Answers and Questions

More progress tonight and more questions than answers.

I started looking at the 'object' data structure used in so much of the code. Byte $00 appears to be the state, and $01-$04 appears to be the (16-bit) object X and Y coordinates. The MSB of the coordinates are copied to the sprite registers. Or so I thought...

Turns out that is true only for the player bullets, thus far at least. The player bombs have different coordinate data AFAICT. This doesn't bode well for the other objects, and it may well be that each object type has its own data structure. Sigh.

One interesting discovery... player bullets are rendered as foreground tiles - not sprites! Each bullet can potentially span 6 tiles, so there is a lengthy process of calculating the foreground video RAM address, and a lookup of tile codes just to render a bullet. The bullet object structure stores the address each time it is rendered, so it can be used to wipe the bullet when it is moved/destroyed. Phew!

And it gets even stranger - it doesn't seem to call these routines in attract mode!?!

More to come...

UPDATE: I was curious about the bullet sprite vs tile issue, so I looked a little further into it...

During attract mode, the bullets are rendered as sprites, using hardware sprites 4-7.

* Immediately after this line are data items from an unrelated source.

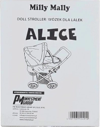 Der stilvolle Puppenwagen Alice Prestige der Marke Milly Mally überzeugt durch realistische Ausführung und praktische Funktionen. Er verfügt über eine tiefe, herausnehmbare Wanne mit Kissen und Decke, ein klappbares und abnehmbares Verdeck, einen leichten Metallrahmen und einen unteren Korb für Zubehör. Dank des waschbaren Bezugs ist die Pflege leicht, und eine Sicherung gegen unbeabsichtigtes Zusammenklappen sorgt für sicheres Spielen.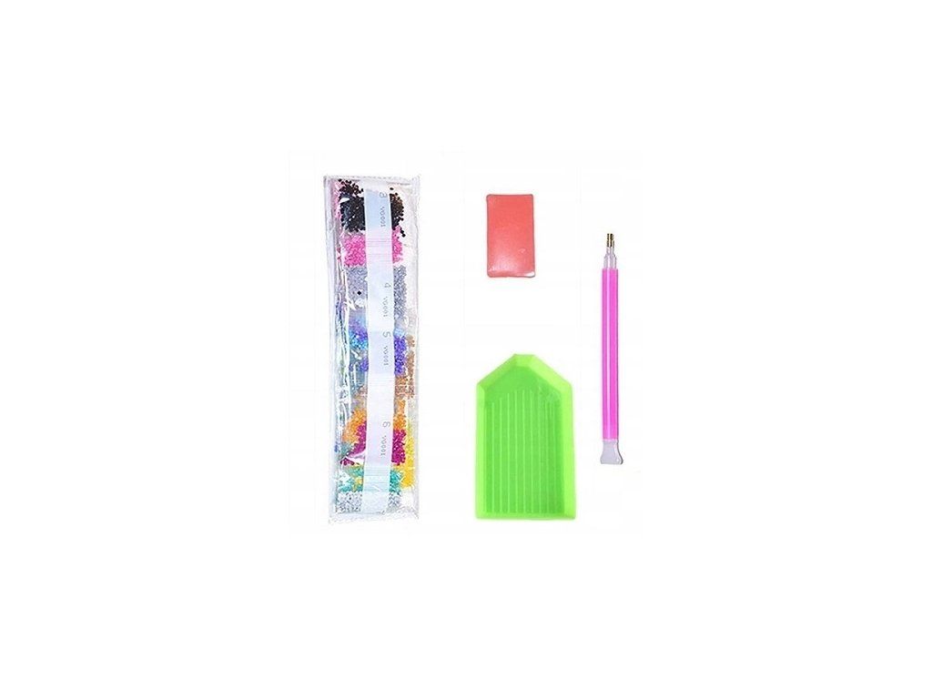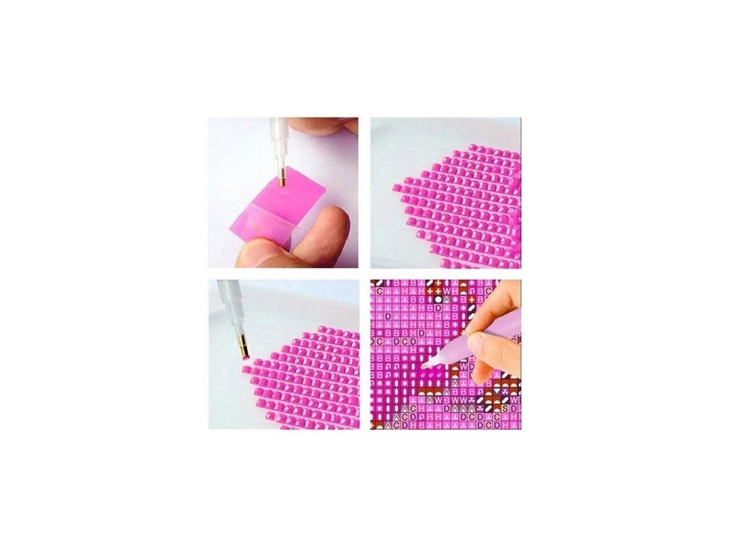 Postup: Obrázek je zakrytý ochrannou folii, kterou sundávejte vždy postupně, tak jak budete aplikovat kamínky. Při sundání celé folie najednou hrozí, že se ztratí viskozita lepidla a kamínky nebudou držet. Plátno obsahuje označení, která jsou umístěna i na sáčcích s kamínky. Podle označení, víte kam který kamínek patří. Nejprve si do hrotu tužky naberete vosk, díky kterému se kamínky snadno přichytí na pero. Kamínky perem aplikujete na obrázek.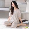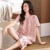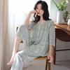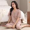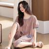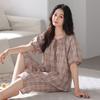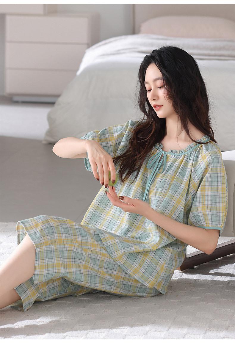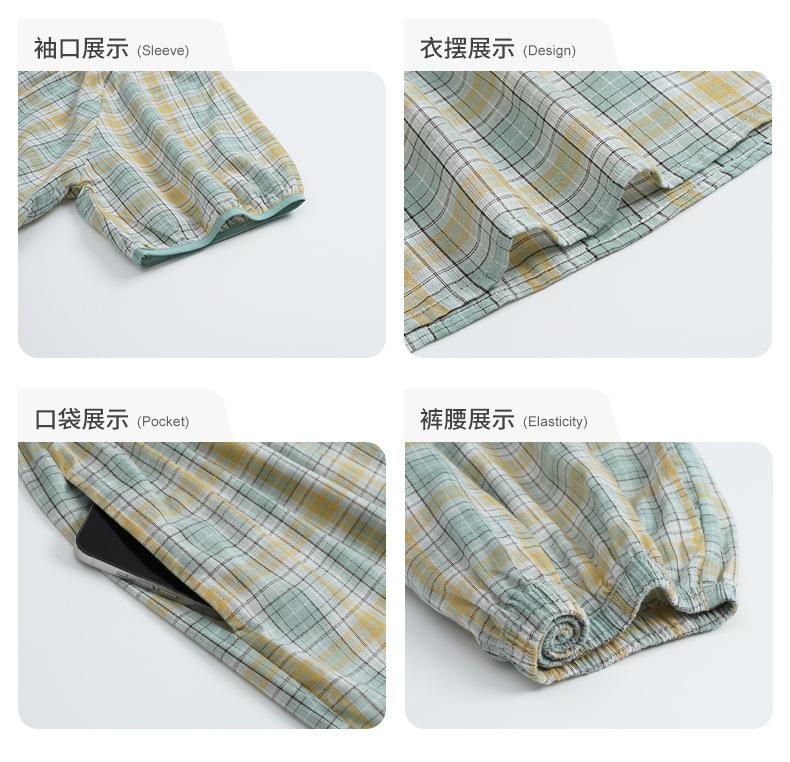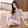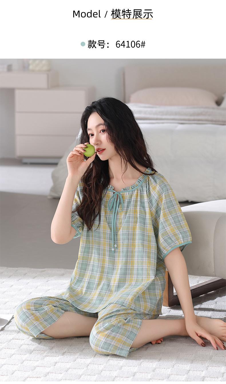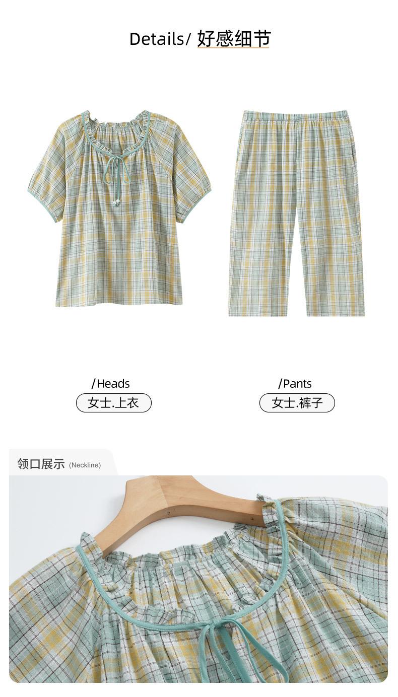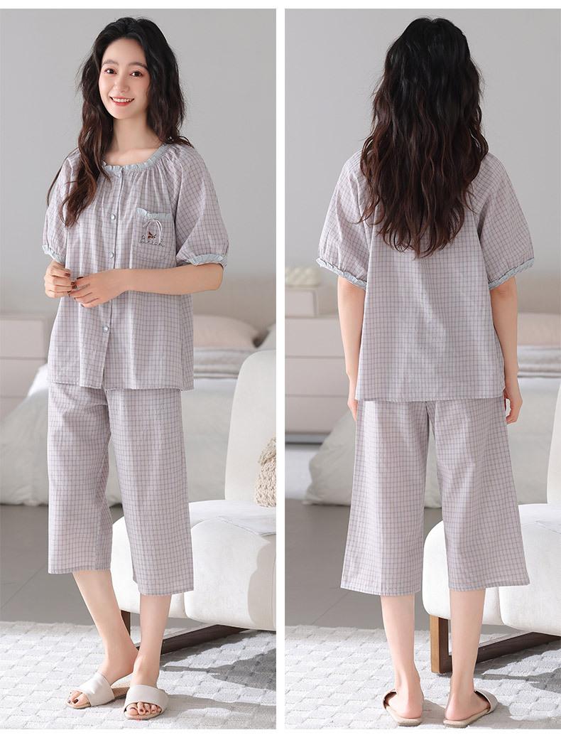 Pijama de Gasa de Algodón Tejido para Mujer Verano Algodón Puro Manga Corta Pantalón Capri Nuevo Set Delgado de Verano para Estar en Casa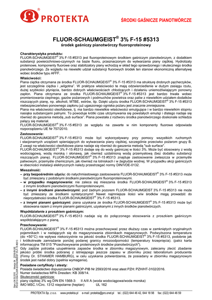 ŚRODKI GAŚNICZE PIANOTWÓRCZE FLUOR-SCHAUMGEIST® 3% F-15 #5313 środek gaśniczy pianotwórczy fluoroproteinowy Charakterystyka produktu: FLUOR-SCHAUMGEIST® 3% F-15 #5313 jest fluoroproteinowym środkiem gaśniczym pianotwórczym, z dodatkiem substancji powierzchniowo-czynnych na bazie fluoru, przeznaczonym do wytwarzania piany ciężkiej. Hydrolizaty proteinowe, komponenty fluorowe oraz stabilizatory piany wchodzą w skład tego sprawdzonego i skutecznego środka pianotwórczego. Ze względu na niewielki udział substancji fluorowych środek ten stanowi ekonomiczną alternatywę wobec środków typu AFFF. Właściwości: Piana ciężka otrzymana ze środka FLUOR-SCHAUMGEIST® 3% F-15 #5313 ma strukturę drobnych pęcherzyków, jest szczególnie ciężka i „wilgotna”. W praktyce właściwości te mają odzwierciedlenie w dużym zasięgu rzutu, dużej szybkości płynięcia, bardzo dobrych właściwościach chłodzących i działaniu uniemożliwiającym ponowny zapłon. Piana otrzymana ze środka FLUOR-SCHAUMGEIST® 3% F-15 #5313 jest bardzo trwała wobec promieniowania cieplnego, gazów pożarowych i podmuchów powietrza oraz paliw z niewielkim udziałem dodatków niszczących pianę, np. alkoholi, MTBE, estrów, itp. Dzięki użyciu środka FLUOR-SCHAUMGEIST® 3% F-15 #5313 niebezpieczeństwo ponownego zapłonu już ugaszonego ogniska pożaru jest znacznie zmniejszone. Piana ma właściwości oleofobowe, tj. ma bardzo niewielkie właściwości emulgujące i w bardzo niewielkim stopniu nasiąka substancjami palnymi. To powoduje krótki czas utrzymywania się powstałych emulsji i dlatego nadaje się również do gaszenia metodą „sub surface”. Piana powstała z roztworu środka pianotwórczego doskonale schładza palący się materiał. FLUOR-SCHAUMGEIST® 3% F-15 #5313 ze względu na zawarte w nim komponenty fluorowe odpowiada rozporządzeniu UE Nr 757/2010. Zastosowanie: FLUOR-SCHAUMGEIST® 3% F-15 #5313 może być wykorzystywany przy pomocy wszystkich ruchomych i stacjonarnych urządzeń spieniających do wytwarzania piany ciężkiej, szczególnie przeciwko pożarom grupy B. Z uwagi na właściwości oleofobowe piana nadaje się również do gaszenia metodą "sub surface". FLUOR-SCHAUMGEIST® 3% F-15 #5313 dodaje się do wody gaśniczej w ilości 3%. Może być stosowany z wodą wodociągową, wodą morską i słonawą, jak również uzdatnioną wodą przemysłową (bez dodatku substancji niszczących pianę). FLUOR-SCHAUMGEIST® 3% F-15 #5313 znajduje zastosowanie zwłaszcza w przemyśle paliwowym, przemyśle chemicznym, jak również na lotniskach i w żegludze wodnej. W przypadku akcji gaśniczych w obecności instalacji elektrycznych należy przestrzegać normy DIN/VDE-0132. Mieszalność: – przy bezpośrednim użyciu: do natychmiastowego zastosowania FLUOR-SCHAUMGEIST® 3% F-15 #5313 może być zmieszany z podobnymi środkami pianotwórczymi fluoroproteinowymi. – w przypadku magazynowania: nie zaleca się mieszania środka FLUOR-SCHAUMGEIST® 3% F-15 #5313 z innymi środkami pianotwórczymi fluoroproteinowymi. – z innymi środkami pianotwórczymi: pod żadnym pozorem FLUOR-SCHAUMGEIST 3% F-15 #5313 nie może być zmieszany ze środkami syntetycznymi! Nawet najmniejsze ilości w/w środków mogą prowadzić do nieprzydatności środka FLUOR-SCHAUMGEIST® 3% F-15 #5313. – z innymi pianami gaśniczymi: piana uzyskana ze środka FLUOR-SCHAUMGEIST® 3% F-15 #5313 może być stosowana razem z innymi pianami gaśniczymi, uzyskanymi z innych środków pianotwórczych. Stan z 04.03.2015 Wersja: 04 [2016-09-26] PD-5313-V04-FLUOR-SCHAUMGEIST 3% F-15 #5313 Współdziałanie z proszkiem gaśniczym: FLUOR-SCHAUMGEIST® 3% F-15 #5313 nadaje się do połączonego stosowania z proszkiem gaśniczym współdziałającym z pianą. Przechowywanie: FLUOR-SCHAUMGEIST® 3% F-15 #5313 można przechowywać przez dłuższy czas w zamkniętych oryginalnych pojemnikach i w nadających się do magazynowania zbiornikach magazynowych. Podwyższona temperatura (do +50°C) nie wpływa niekorzystnie na jakość środka FLUOR-SCHAUMGEIST® 3% F-15 #5313, podobnie jak i krótkotrwałe zamrażanie poniżej podanej granicy mrozoodporności (temperatury krzepnięcia). (patrz karta informacyjna TM 015 "Przechowywanie proteinowych środków pianotwórczych"). Gdy zajdzie potrzeba uzupełnienia zapasów środka w zbiorniku magazynowym, zalecamy zlecić zbadanie jakości próbki środka pobranej z istniejącego jeszcze zapasu w zbiorniku przez laboratorium producenta (Firmy Dr. STHAMER HAMBURG), w celu uzyskania potwierdzenia, że posiadany w zbiorniku magazynowym środek jest nadal dobry (spełnia wymagania). Posiadane certyfikaty i atesty: Posiada świadectwo dopuszczenia CNBOP-PIB Nr 2593/2016 oraz atest PZH: PZH/HT-3102/2016. Numer świadectwa MPA Dresden: KB 308/14. Skuteczność gaśnicza: piany ciężkiej 3% wg DIN EN 1568-3: II A/II A (woda wodociągowa/woda morska) IMO MSC.1/Circ. 1312 niepolarne (heptan) UL 162 PROTEKTA Sp. z o.o. www.protekta.pl e-mail: [email protected] tel.: (022) 644 46 42, 644 18 98 fax: (022) 644 46 59 ŚRODKI GAŚNICZE PIANOTWÓRCZE Właściwości fizyczne środka gaśniczego pianotwórczego FLUOR-SCHAUMGEIST® 3% F-15 #5313 Zalecana domieszka do wody: 3% piana ciężka: ciecze niepolarne Liczba spienienia*: piana ciężka* 6 do 9 Czas wykroplenia 25% piany*: piana ciężka* 2 - 5 minut Czas wykroplenia 50% piany*: piana ciężka* 5 - 10 minut Kolor: ciemny brązowy do czarnego pH w temp. 20°C: 6,8 do 7,4 Gęstość w temp. 20°C: 1,180 ± 0,02 g/ml Zawartość osadu: brak Najniższa temperatura stosowania: -15°C Lepkość: w temp. 20°C w temp. 0°C w temp. -15°C < 20 < 40 < 120 mm2/sek. mm2/sek. mm2/sek. Tolerancja środowiska: FLUOR-SCHAUMGEIST® 3% F-15 #5313 jest środkiem nieszkodliwym pod względem fizjologicznym i bardzo dobrze biodegradowalnym, z wyjątkiem komponentów fluorowych, które nie ulegają biodegradacji. Pozostałe informacje zawiera karta charak

During gameplay, the bullets are rendered as foreground layer tiles.

Here's the kicker though, and this threw me for a bit... when you coin up and start a game, and 'READY' is displayed on the screen - all handled by the 'gameplay' state machine, as opposed to the 'attract mode' state machine - the bullets are also rendered as sprites! As soon as 'READY' disappears, it starts using tiles!

What's more, you can fire (white) bullets when 'READY' is displayed, but as soon as it disappears, so do all the on-screen bullets! And any subsequent bullets fired are pink!!!

Why?

I haven't looked further into it, but I have my theory.

Firstly, during attract mode and when 'READY' appears, there are foreground tiles in the gameplay area (VULGUS title and READY text), so any bullets rendered as tiles would obliterate those graphics. In attract mode, the (sprite) bullets run behind the title and text, and even behind the score at the top of the screen. In gameplay mode, (fg tile) bullets disappear before reaching the score.

Secondly, with (only) 24 hardware sprites, I suspect the game designers wanted to make more use of the sprites for enemies and their bullets? Otherwise - why would you do it??? Presumably (I'll deduce this later) the attract mode gameplay screens are explicitly designed to use less sprites than the game uses at its most difficult!?!